Langrage, Langrel - n, Langrel shot or langrage is a particular kind of shot used at sea for tearing sails and rigging, and thus disabling an enemy's ship. It consists of bolts, nails, and other pieces of iron fastened together.
I'm not entirely sure why these two words are listed together in the dictionary. They must have been interchangeable when Webster wrote his dictionary. Since then, each word has come to have a more specific meaning. "Langrel shot" is now synonymous with chain-shot and "langrage" refers to bags or canisters of junk (scrap metal, old musket balls, rocks, bolts, gravel, etc) that are then fired from a canon.
The London Encyclopedia of 1829 (or Universal Dictionary of Science, Art, Literature, and Practical Mechanics comprising a Popular View of the Present State of Knowledge) says this:
"Langrel shot, used at sea, consists of two bars of iron joined by a chain or shackle, and having half a ball of iron fixed on each end; by means of which great execution is done among an enemy's rigging."
Langrage is mentioned the story Nelson at the Battle of the Nile from Robert Southey's "The Life of Nelson." Here's a cut-and-pasted passage that (hopefully) gives you a little bit of the story not just the sentence that uses the word:
"The first two ships of the French line had been dismasted within a quarter of an hour after the commencement of the action; and the others in that time suffered so severely that victory was already certain. The third, fourth, and fifth were taken possession of at half-past eight. Meantime Nelson received a severe wound on the head from a piece of langrage shot. Captain Perry caught him in his arms as he was falling. The great effusion of blood occasioned an apprehension that the wound was mortal. Nelson himself thought so [...] When he was carried down, the surgeon, in the midst of a scene scarcely to be conceived by those who have never seen a cockpit in time of action, and the heroism which is displayed amid its horrors, with a natural but pardonable eagerness, quitted the poor fellow then under his hands, that he might instantly attend the admiral. "No !" said Nelson, "I will take my turn with my brave fellows." Nor would he suffer his own wound to be examined till every man who had been previously wounded was properly attended to [...] When the surgeon came in due time to examine the wound, the most anxious silence prevailed; and the joy of the wounded men, and of the whole crew, when they heard that the wound was superficial, gave Nelson deeper pleasure than the unexpected assurance that his life was in no danger."
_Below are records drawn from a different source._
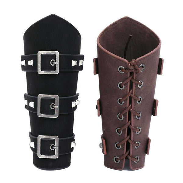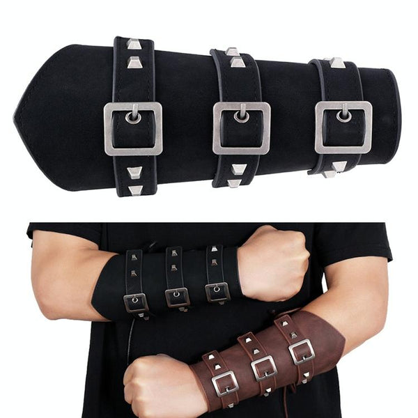 P01994 Men Leather Bracer Personality Punk Riding Arm Guard(Black)
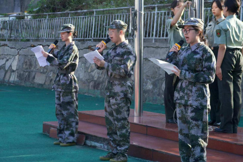新生代表集体在国旗下发言,以学生身份表明对军训的决心与展望。他们代表全体新生发表了对军训的深刻认识:第一,军训是对革命精神的传承及对时代精神的发扬;第二,军训能帮助全体新生迎难而上、蜕变自我;第三,军训需要全体新生励志奋斗、持之以恒。最后,他们预祝各位同学通过军训锤炼意志、砥砺自我,成为大有作为的时代青年。
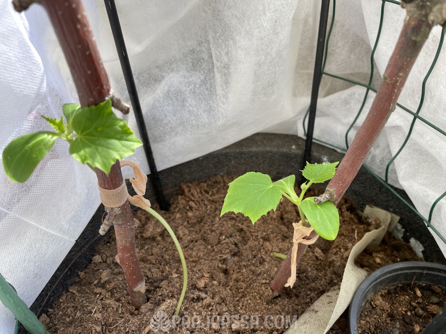 Paprikat ja kesäkurpitsa eivät näytä kasvavan oikein mihinkään. Pitää ilmeisesti virittää myös niille harsot.
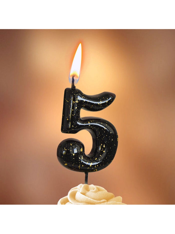 Свеча в торт "Черные брызги", цифра "5"
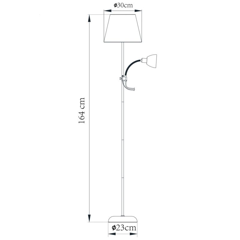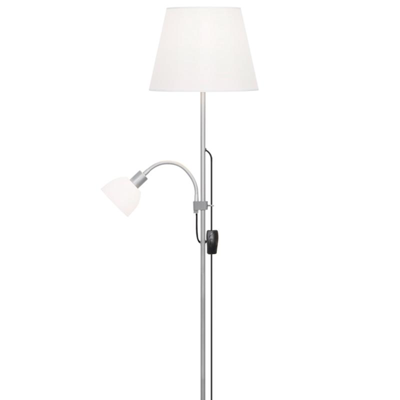 Lampara de pie Sisto Plata Alemar Pie salón de la colección SISTO. Fabricado en metal, acabado plata, Pantalla blanca y Lector acrílico. 1 x E-27 + 1 x E-14 / 60W Max. + 40W Max. Cable PVC negro de 1,8mts. Luz orientable
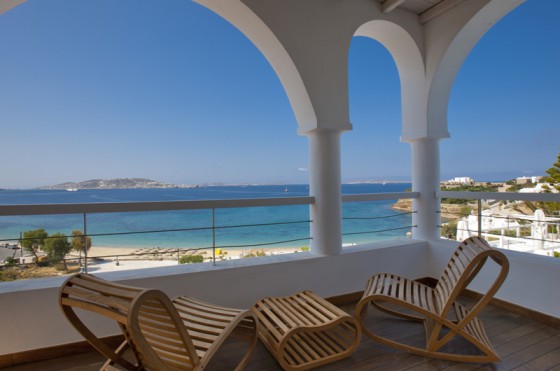 Расположенные на разных уровнях комплекса эти сюиты имеют собственные террасы и подогреваемые джакузи с видом на пляж Агиоса Стефаноса и на столицу Миконоса, Хору. Эти номера предлагают кровати размера king size, просторные ванные комнаты и зоны отдыха с французскими окнами, которые выходят на частные террасы.

So there you have it. I'm afraid it's not a very practical word. Unless you're writing naval-based stories, of course, in which case you can add this to your arsenal (especially if it's historical fiction, seeing it's a period word). Now, if I can think of names for the two boys I'm seeing in this scene (does anyone else have trouble with names? or is it just me?), I'll give you the story clip.
"Get down, get down, get down!"
I tackled Wat and rolled both of us into the side of the ship. I just had time to tuck his head under my shoulder before the langrage started to pelt down on me. It burnt through my clothing. I sat up, choking on the gunpowder in the air. Wat started fumbling with his pistol, trying to load the thing while casting panicked glances over the side.
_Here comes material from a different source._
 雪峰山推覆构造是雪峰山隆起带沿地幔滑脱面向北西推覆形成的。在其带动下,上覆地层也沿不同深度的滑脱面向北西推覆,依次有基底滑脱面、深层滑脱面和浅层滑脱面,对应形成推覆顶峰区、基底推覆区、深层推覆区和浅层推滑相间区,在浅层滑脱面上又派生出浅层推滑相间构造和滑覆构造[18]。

"We're gonna die, Geoff." He was shouting and I could hardly hear him. "We're all gonna die."
"We're not going to die, Wat."
A man came swinging overhead. I shot him and he fell to the deck. I grabbed Wat by his neck and forced him to look at me, praying he didn't see any fear or doubt in my eyes.
"I won't let us die. Not today."
"Langrel shot!" I heard the Captain's voice. "Take cover, men!"
There was a frightful whistling sound and then a thunderous crack as the mast splintered.